***** Input for this task *****
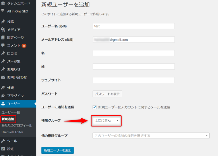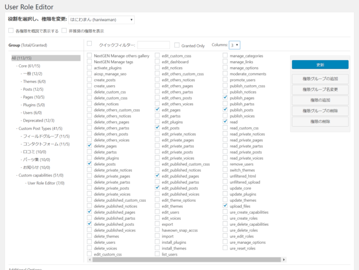 それではUser Role Editorを使って、「はにわまん」の権限を追加していきましょう。
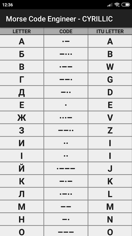 - 密碼本 - 顯示帶有字母及其莫爾斯電碼的選定密碼本
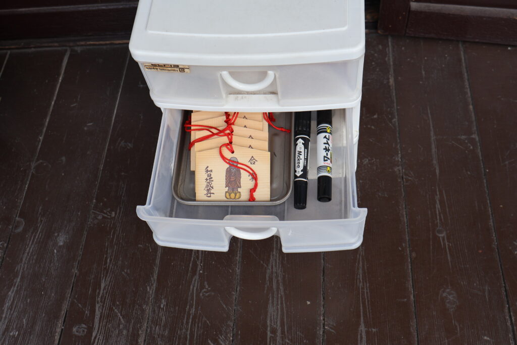願い事があれば下の段には絵馬とマジックがあり願い事を書いてお供えして
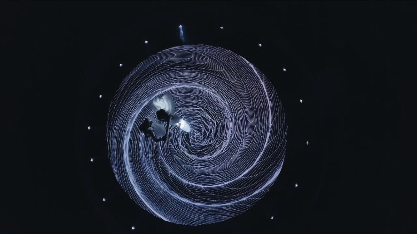 With the lighting arrangement, kinetic movement of the light, and the performer , it shows the relationship between universe, knowledge and human.
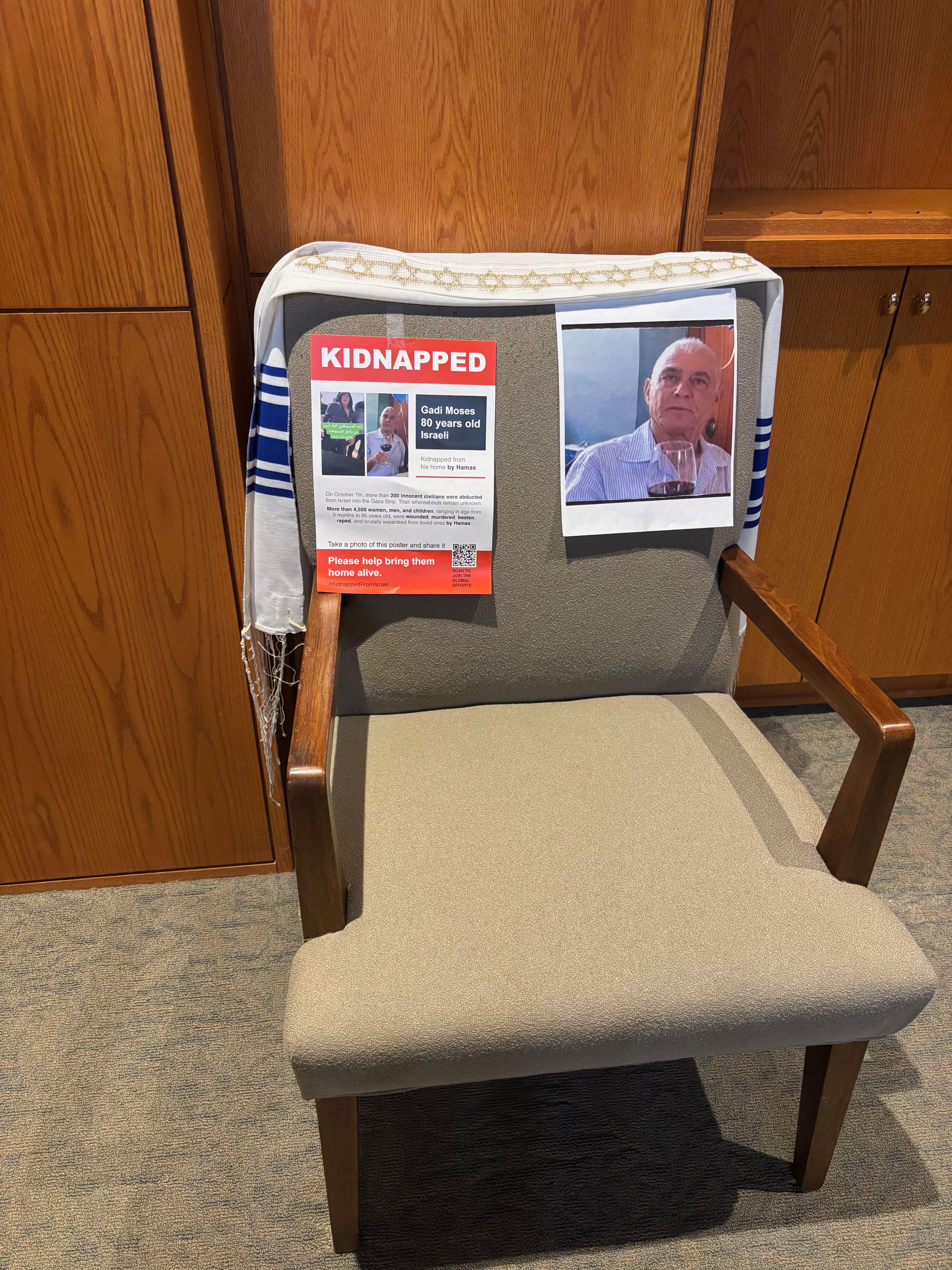 At the same time, I rejoice with relief at the images and video of the hostages who have been returned and reunited with their families. In particular, I am grateful that Gadi Moses, the hostage whose picture has occupied a chair on the Bima during our services and a chair in the meeting room during Kiddush and meetings, has been released.
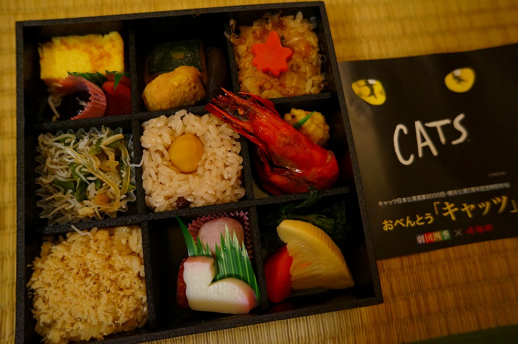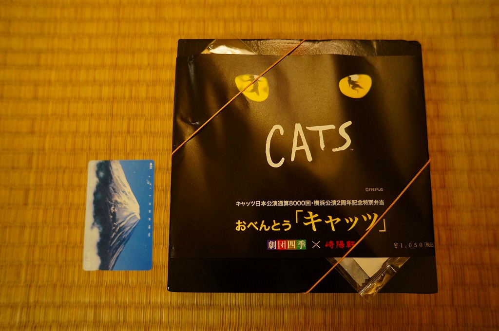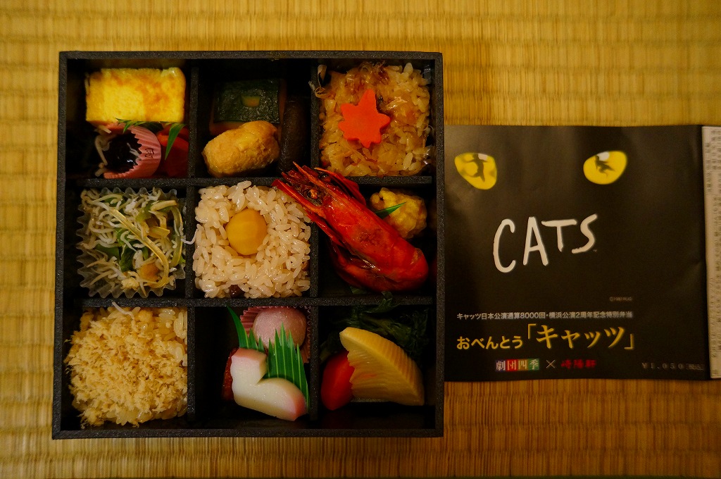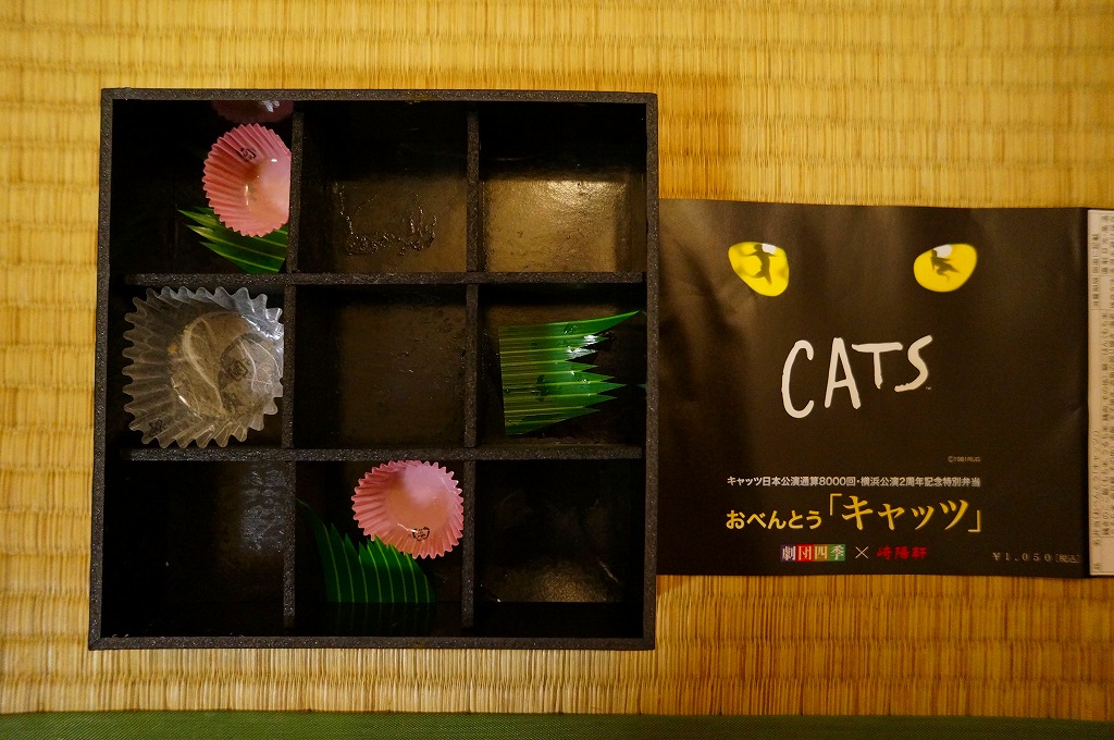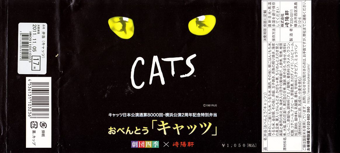 国内では劇団四季が1983(昭和57)年11月から主に仮設劇場をこしらえて公演し続ける驚異のミュージカル「キャッツ」は、2009年11月からは横浜みなとみらい地区の遊休地に仮設劇場を建てて上演されている。2011年10月28日にここで通算8000回公演を達成したことが、この駅弁で記念されている。通常の崎陽軒の弁当と異なり、これは横浜駅周辺の8店舗と「キャノン・キャッツ・シアター」でのみの販売であった。
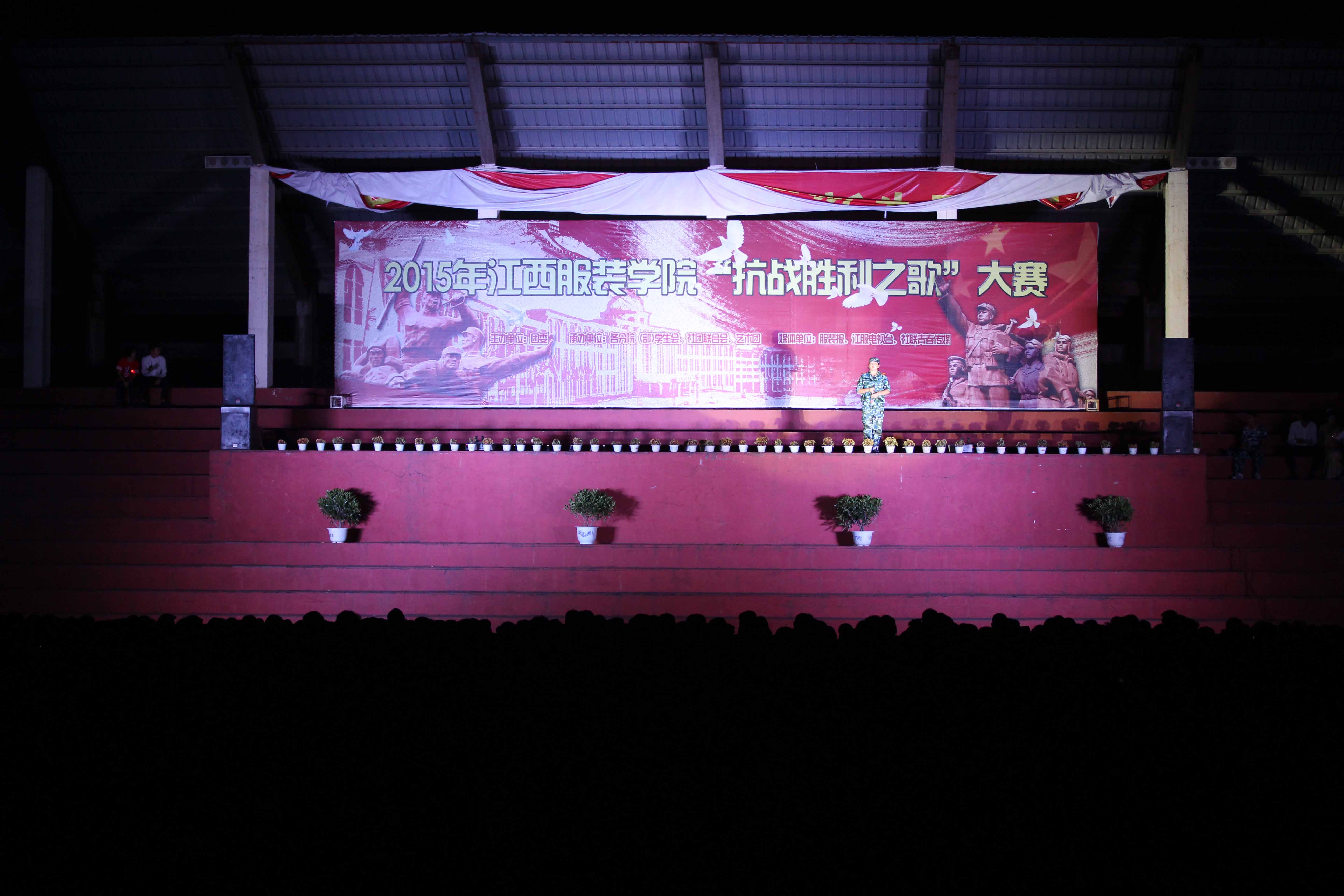 服装报讯(记者/赵冉冉 闫宝芸 摄影/左正鹏):忆往昔峥嵘岁月,抒今朝爱国情怀。恰逢抗日战争胜利70周年之际,我校于9月6号晚在校运动场举行“抗战胜利之歌”大赛,千余名师生到场观看。校党委副书记高建国、学工处处长张建荣、团委书记朱红及各分院领导出席了晚会。
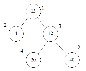 设有一棵二叉树(如下图),其中圈中的数字表示结点中居民的人口,圈边上数字表示结点编号。
*****
• Exercise objective: Please print the data above in its entirety, exactly, but without any picture.

• Solution to this exercise:
 それではUser Role Editorを使って、「はにわまん」の権限を追加していきましょう。
 - 密碼本 - 顯示帶有字母及其莫爾斯電碼的選定密碼本
願い事があれば下の段には絵馬とマジックがあり願い事を書いてお供えして
 With the lighting arrangement, kinetic movement of the light, and the performer , it shows the relationship between universe, knowledge and human.
 At the same time, I rejoice with relief at the images and video of the hostages who have been returned and reunited with their families. In particular, I am grateful that Gadi Moses, the hostage whose picture has occupied a chair on the Bima during our services and a chair in the meeting room during Kiddush and meetings, has been released.
 国内では劇団四季が1983(昭和57)年11月から主に仮設劇場をこしらえて公演し続ける驚異のミュージカル「キャッツ」は、2009年11月からは横浜みなとみらい地区の遊休地に仮設劇場を建てて上演されている。2011年10月28日にここで通算8000回公演を達成したことが、この駅弁で記念されている。通常の崎陽軒の弁当と異なり、これは横浜駅周辺の8店舗と「キャノン・キャッツ・シアター」でのみの販売であった。
 服装报讯(记者/赵冉冉 闫宝芸 摄影/左正鹏):忆往昔峥嵘岁月,抒今朝爱国情怀。恰逢抗日战争胜利70周年之际,我校于9月6号晚在校运动场举行“抗战胜利之歌”大赛,千余名师生到场观看。校党委副书记高建国、学工处处长张建荣、团委书记朱红及各分院领导出席了晚会。
 设有一棵二叉树(如下图),其中圈中的数字表示结点中居民的人口,圈边上数字表示结点编号。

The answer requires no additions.